Ask The Dentist #4: Handling dental phobias!

Posted Mar 15th, 2017

Ask The Dentist #4: Handling dental phobias!

Ask The Dentist is a series of columns written by Dr. Mady to answer your questions about dentistry and oral health!

Dear Dr. Mady: I have been avoiding the dentist for the past 19 years due to a great fear I have of dentists. I remember as a child, I had difficulty even entering my dentist’s office. Now I am at a stage where I have had constant pain for three months straight and I know that I need teeth pulled. What do you really think is wrong with me and what can I do? - Anxiety Ridden

Dear Anxious One: Being a current practicing dentist, I can tell you that there is not a day that goes by that I do not observe some form of anxiety in most of the patients that I treat. There is something about dentistry that excites fear in many individuals and this is nothing to be ashamed of. Don’t feel that you are alone.

Having dental anxiety or a dental phobia most of the time is manageable with respect to treatment, but if you find it impossible to cope with, then the problem is more serious. Dental Phobia is a more serious condition than anxiety or fear, but it can be successfully treated.

As far as the reasons behind these intimidating conditions, they are numerous. Most individuals, and maybe yourself, relate their dental fears and phobias to a childhood dental experience. This may not even have been a negative experience at all, but the setting just dictated the start of apprehensive feelings.

As a result of these feelings, most people like yourself evolve into poor attendees when it comes to keeping dental appointments, even if these dental visits are desperately needed. Therefore dental phobics are usually more in need of dental treatment than most others.

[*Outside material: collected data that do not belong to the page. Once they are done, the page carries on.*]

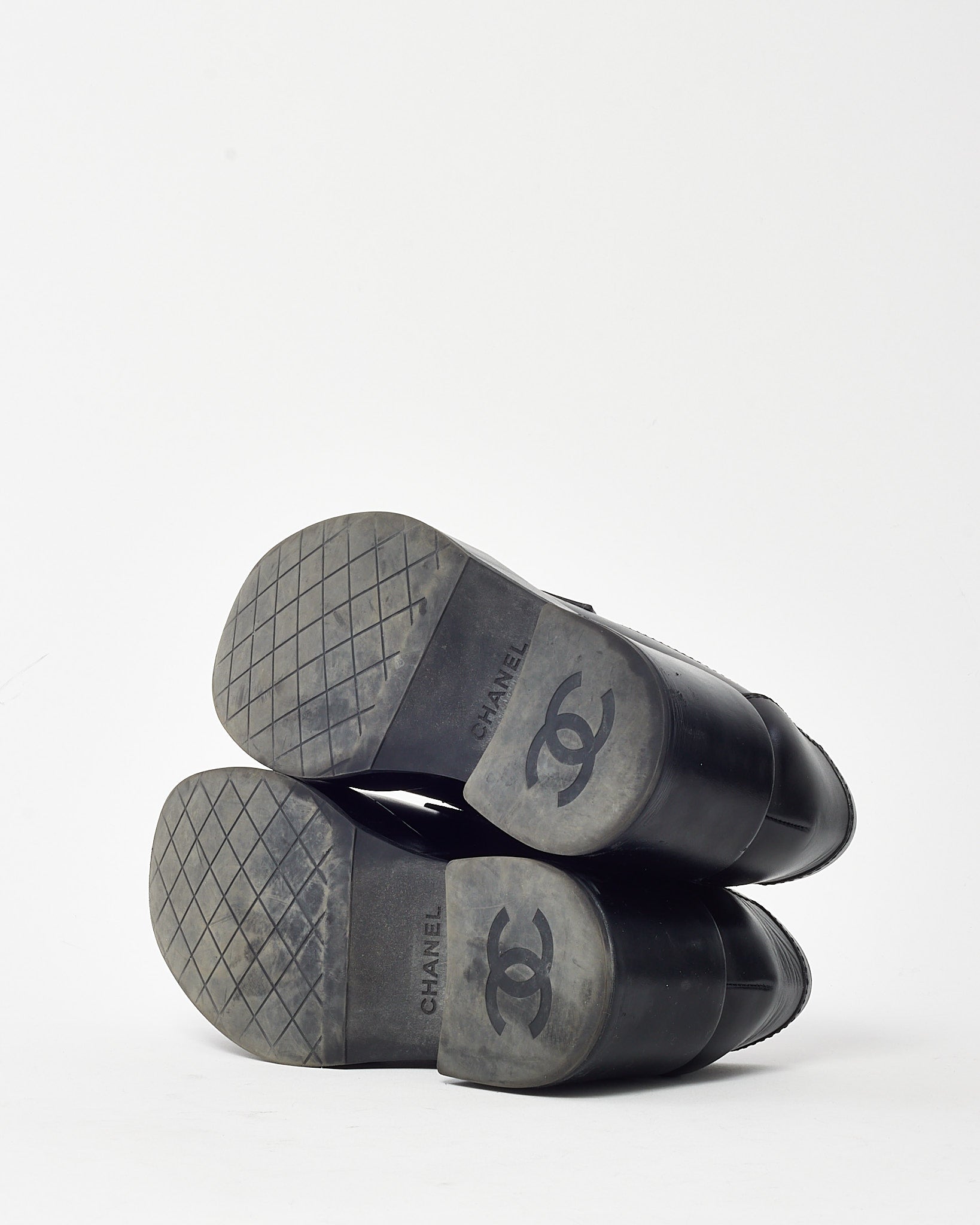Black Calfskin Leather Black CC Coco Mark Platform Loafers - 38
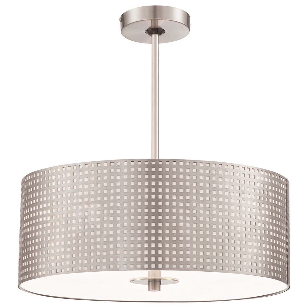 This 3-LT Drum Pendant from George Kovacs has a finish of Brushed Nickel and fits in well with any CONTEMPORARY style decor.
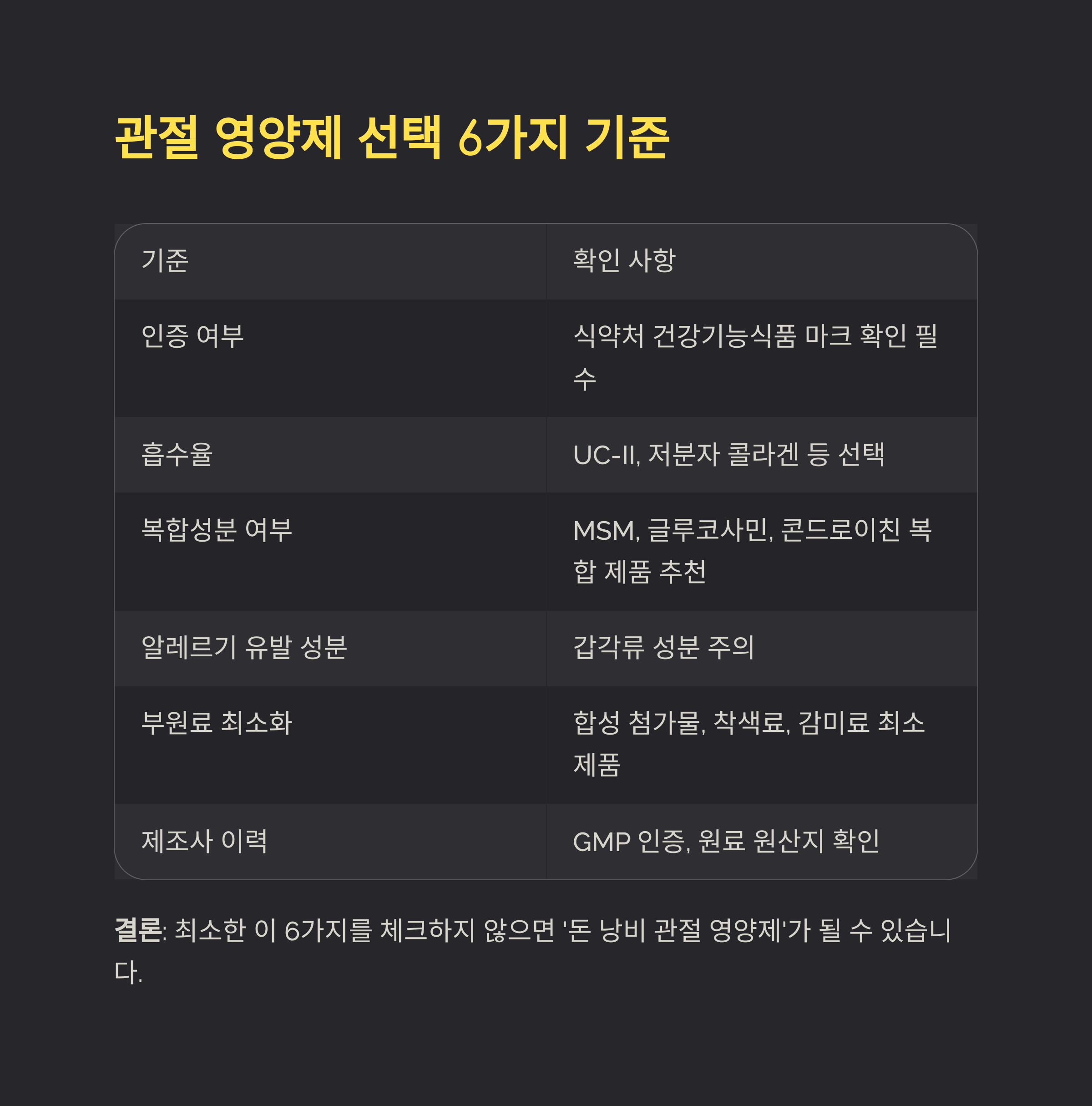 결론: 최소한 이 6가지를 체크하지 않으면 '돈 낭비 관절 영양제'가 될 수 있습니다.

Phobia is a different problem than anxiety, and it may be more of a phobia that you are experiencing than anxiety.

The reason I conclude this is because you appear to be demonstrating avoidance behaviour. By this, I mean that you seem to be completely avoiding a threatening situation. This would not be as much of a problem if your phobia were associated with something that you could avoid your entire life without recourse, but teeth always need attention at some point.

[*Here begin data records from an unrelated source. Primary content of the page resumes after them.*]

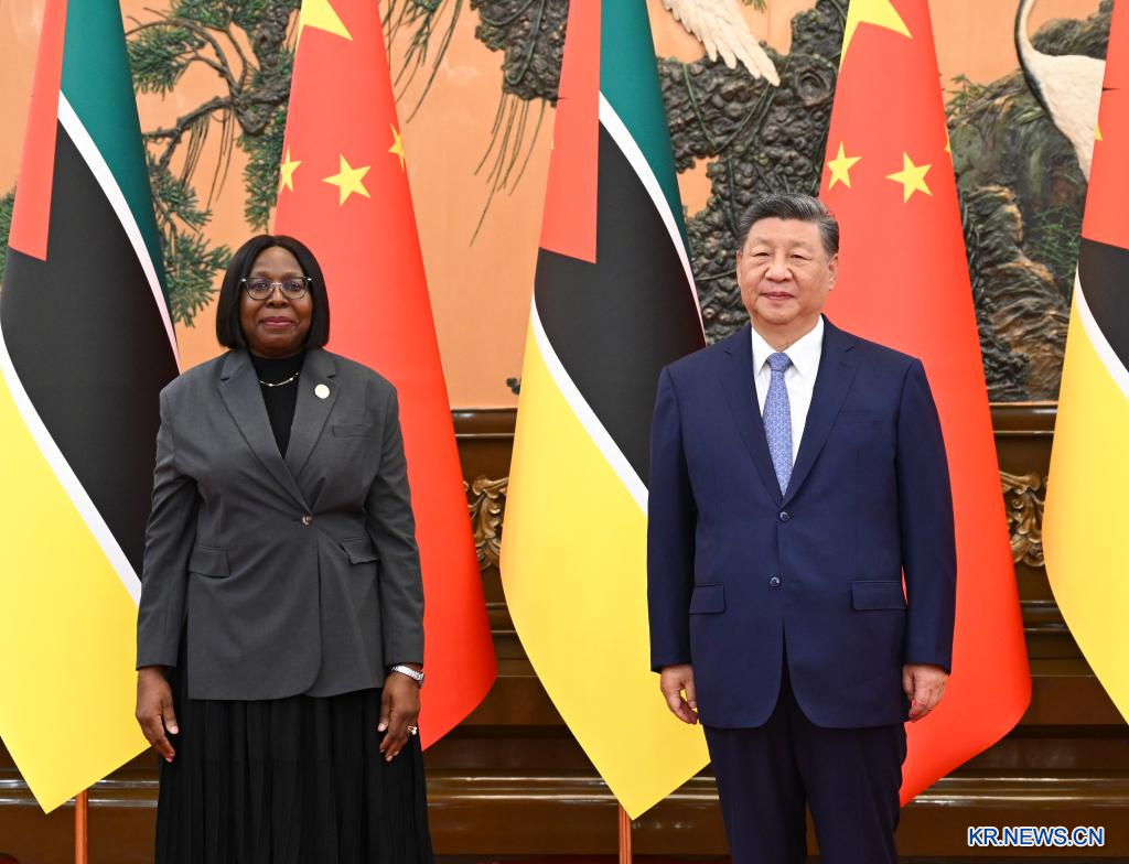 [신화망 베이징 10월14일] 시진핑(習近平) 중국 국가주석이 14일 오전 베이징 인민대회당에서 글로벌 여성 서밋 참석차 중국을 방문한 마리아 레비 모잠비크 총리와 회견했다. [촬영/신화사 기자 자이젠란(翟健嵐)]
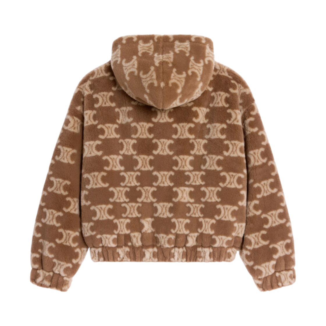 (W) Celine Triomphe Wool and Fur Hoodie Jacket Noisette Ficelle
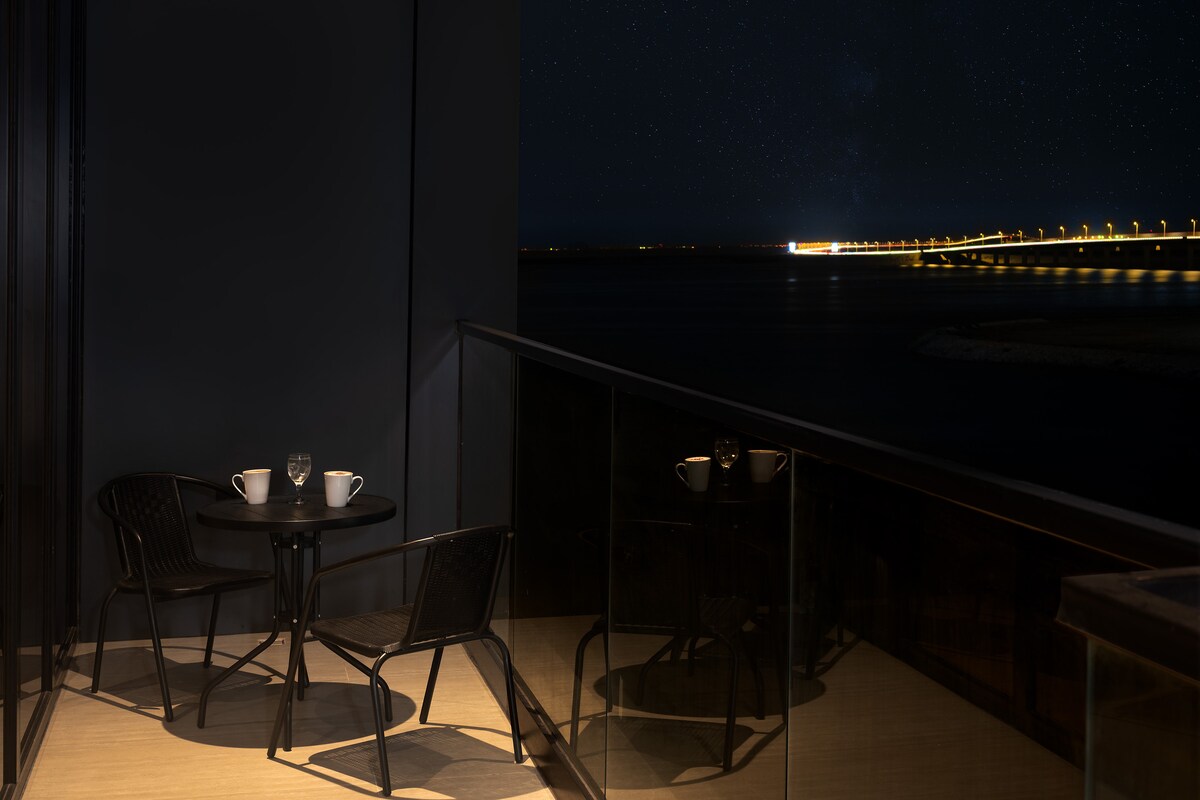 Tam və birbaşa dəniz mənzərəsi olan lüks mənzil, sizə müstəsna qonaqlama təcrübəsi bəxş edən geniş eyvanı ilə. Burada 3 rahat yataq otağı, həmçinin xidmətçi otağı, geniş istirahət otağı, tam təchiz olunmuş mətbəx, bilyard otağı və 3 hamam otağı var. Bəhreyn Körpüsü və Əl-Şubaili Kompleksindən 1 dəqiqəlik məsafədə, Xobar Sahilyolundan isə 3 dəqiqəlik məsafədə xüsusi mövqe. Ailələr və rahatlıq, məxfilik və unudulmaz dəniz mənzərəsi ilə xidmətlərə yaxınlıq axtaranlar üçün mükəmməldir 🌊
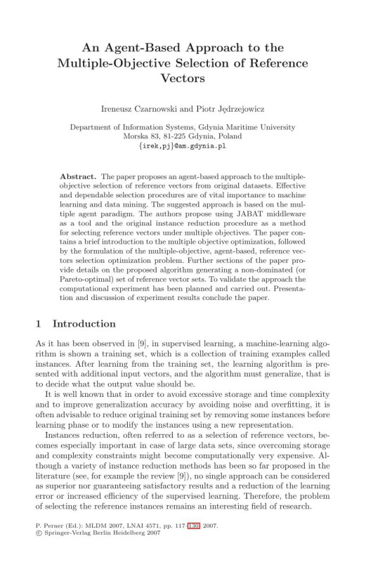 An Agent Based Approach to the Multiple Objective Selection of Reference Vectors 1st Edition by Ireneusz Czarnowski, Piotr Je¸drzejowicz – Ebook PDF Instant Download/Delivery. 9783540734987
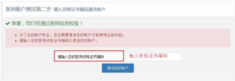 若未通过医师资格校验,则可能是注册时填写的姓名及身份证号码有误,请修改正确后继续验证;如果确认姓名及身份证号码无误,请在系统内“资格补【改】指南”菜单中查看解决办法。
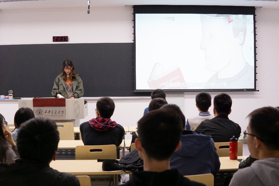 情绪排解分享阶段,同学们结合自身情况,分享了适合自己的排解方法;《我有一只叫“抑郁症“的小黑狗》短片以一种新颖、易于接受的方式向同学们展示了抑郁症及其发展、我们应如何与“小黑狗”共处等信息。
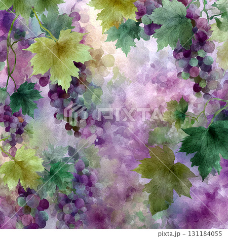 ぶどうの水彩背景イラスト 秋の果物と葡萄柄の抽象デザインテクスチャ

A dental phobic usually is well aware that the fear is irrational, but feels unable to do much about it. It could even make you feel faint, nauseated, and even have heart palpitations at certain times. In severe cases, the phobic patient may actually fear the symptoms that are elicited from the phobic situation due to a lack of control.

If you need to combat this problem immediately, get support from friends and relatives who can recommend a sympathetic dentist that you can discuss your problem with before any treatment is initiated. Most dentists will have come across this many times before and will be very used to the problem.

This dentist will be able to offer you (or by referral to specialists) many methods that will assist you, including nitrous-oxide inhalation sedation, intravenous sedation (deep relaxation with full or partial memory loss), or even general anesthesia (total sleep, ultimate sedation). Many anxious and phobic patients also have an option of taking pre-medication with certain calming drugs just prior to their appointments. Included in this list are Valium and Ativan tablets, but still many feel that these type of drugs used for this purpose fall short of adequate sedation. I guess it just depends on the individual.

It sounds like you need to make a phone call now to schedule a meeting “just to talk” at first. Do not be embarrassed because health professionals will understand. You may even contemplate asking your family physician to recommend a good psychotherapist or hypnotist. These skilled and experienced therapists have a reputation for helping people like yourself “extract” the problem, so to speak!